The aim of bulk micromachining is to produce isolated and movable three-dimensional structures out of a silicon substrate. Examples of this type of basic structure for micromechanical systems, such as sensors and actuators, can include trenches, pits, bridges, or membranes. A main point of technical emphasis in bulk micromachining lies in the structuring of silicon using plasma etching or wet chemical etching in order to create trenches and deep pits. Fraunhofer IPMS has extensive experience and modern equipment for the manufacture of trenches using plasma etching techniques. Fraunhofer IPMS' technical expertise in bulk micromachining is emphatically applied to the development and production of MEMS scanners and pressure sensors.

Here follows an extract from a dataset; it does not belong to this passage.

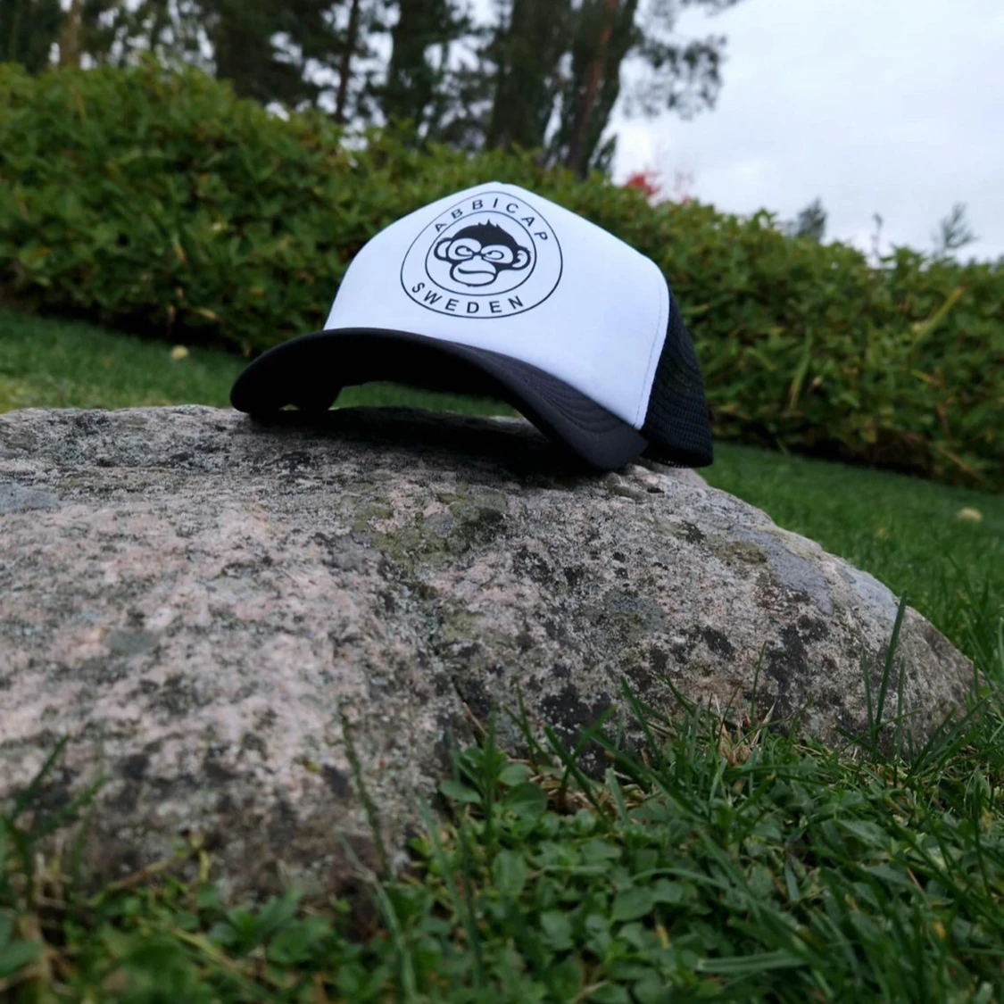 Snygg truckerkeps från ABBICAP Sweden med svart nät baktill och vit frontpanel. Kepsen har ett tryckt apmotiv och rundad skärm. Perfekt för dig som vill ha en cool och avslappnad stil.

Whereas structures are etched into the silicon substrate in bulk micromachining, in surface micromachining they are built onto the substrate, where substrates with pre-made CMOS circuits are commonly used. Therefore it is possible to monolithically integrate sensors or actuators with an electronic control system. Movable structures on CMOS wafers are manufactured through the use of sacrificial layer technologies. The elements that will be movable (such as springs or mirrors) are deposited and structured on the sacrificial layer using thin-film techniques. The sacrificial layer, in turn, will be introduced to the CMOS backplane. At the end of this process these structures are cleared from the sacrificial layer through isotropic etching, thus making them movable. In current projects within Fraunhofer IPMS, the organic sacrificial layers (such as polymers or coatings) used until now are being replaced with inorganic alternatives (e.g. SiO₂ or a-Si). Enhanced standard steps are thereby being introduced into sacrificial layer technologies, which will result in more stable processes and will make it possible to create structures of greater complexity.